The pyro charge density is written to: density_pyroelectric_charge.dat (\(\rho_\mathrm{py}\)) It applies to wurtzite only and is independent of strain and is due to spontaneous polarization. If both, piezo and pyroelectric charge densities were calculated, the sum of both charge densities (total polarization charge density) is written to: density_polarization_charge.dat (\(\rho_\mathrm{pol}=\rho_\mathrm{pz}+\rho_\mathrm{py}\))

To summarize:

• zincblende: density_piezoelectric_charge.dat (\(\rho_\mathrm{pz}\))

• wurtzite: density_piezoelectric_charge.dat (\(\rho_\mathrm{pz}\)), density_pyroelectric_charge.dat (\(\rho_\mathrm{py}\)), density_polarization_charge.dat (\(\rho_\mathrm{pol}=\rho_\mathrm{pz}+\rho_\mathrm{py}\))

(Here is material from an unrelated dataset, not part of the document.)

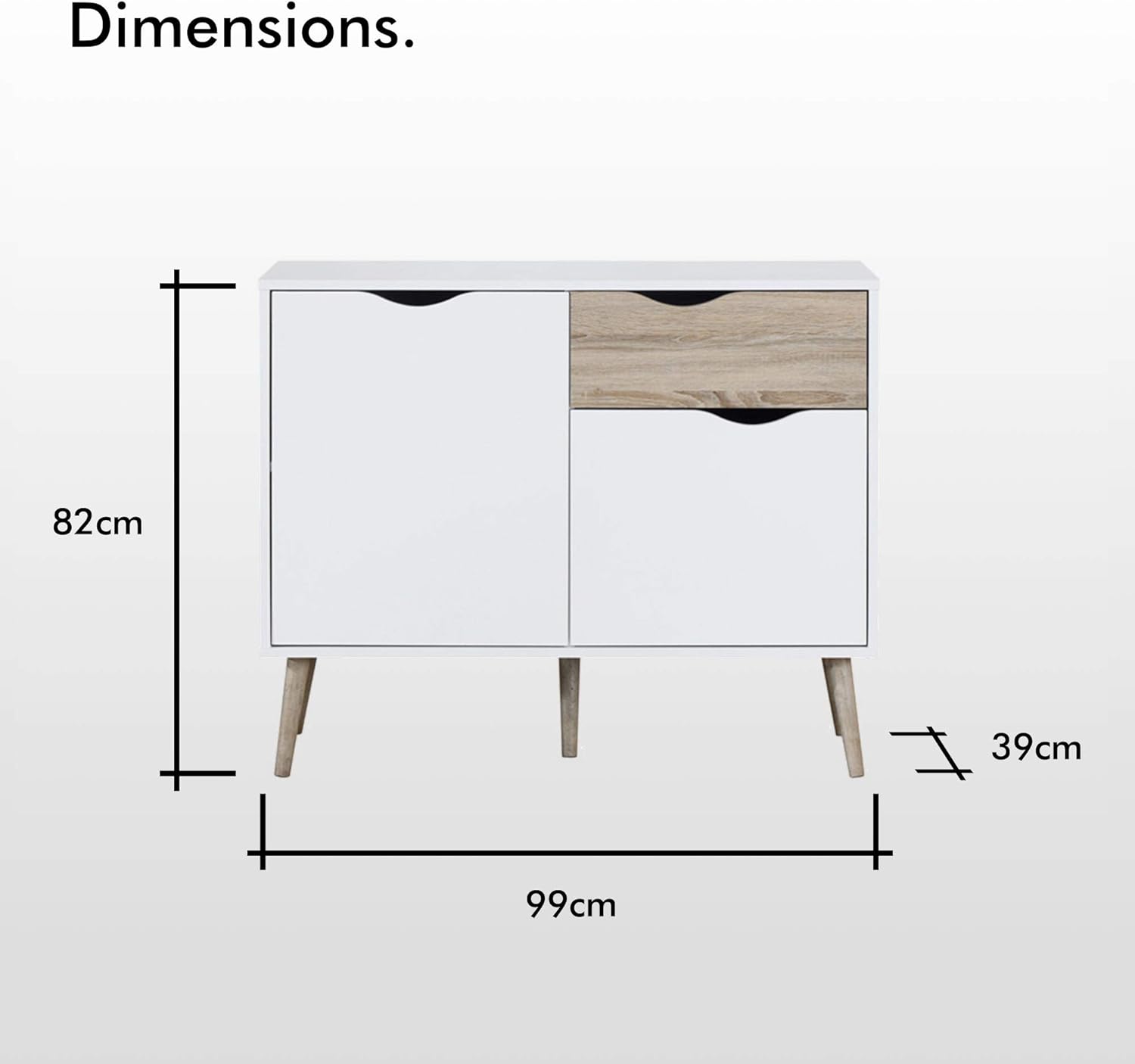 VonHaus Sideboard White & Oak Effect - Small Compact Sideboard Cabinet with 3 Storage Drawers & Cupboards – Nordic Scandi Style Furniture with Tapered Legs - Living Room, Lounge, Home Office & Hallway

output_polarization_vector{}

prints out piezo and pyroelectric polarization vector [C/cm²]. Pyroelectric polarization due to spontaneous polarization apply to wurtzite only. The piezoelectric polarization vector depends on strain and it is zero if no strain is present.

crystal_system

value:

yes or no

default:

no

output polarization vector in crystal coordinate system

simulation_system

value:

yes or no

default:

yes

output polarization vector in simulation coordinate system

boxes

value:

yes or no

output_sparse_matrix{}

output sparse matrix used in strain solver

type

enumerate desired types of sparse matrix output in .mtx format (optional).

options:

values zero_nonzero zero_nonzero_absolute all

default:

values

• values : output sparse matrix as it is

• zero_nonzero : output matrix containing ‘0’ and ‘1’ for zero and non-zero entries of sparse matrix

• zero_nonzero_absolute : output matrix containing ‘0’ and ‘1’ for zero and non-zero absolute values of entries of sparse matrix

• all : output all types listed above

Output of material parameters

output_lattice_constants{}

Output lattice constants to a file …\Structure\lattice_constants.dat

boxes

value:

yes or no

output_elastic_constants

Output elastic constants.

boxes

value:

yes or no

output_piezo_constants{}

Output piezoelectric constants.

boxes

value:

yes or no

output_second_order_piezo_constants{}

Output 2nd order piezoelectric constants.

boxes

value:

yes or no

output_pyro_constants{}

Output pyroelectric constants, i.e. spontaneous polarization constants.

boxes

value:

yes or no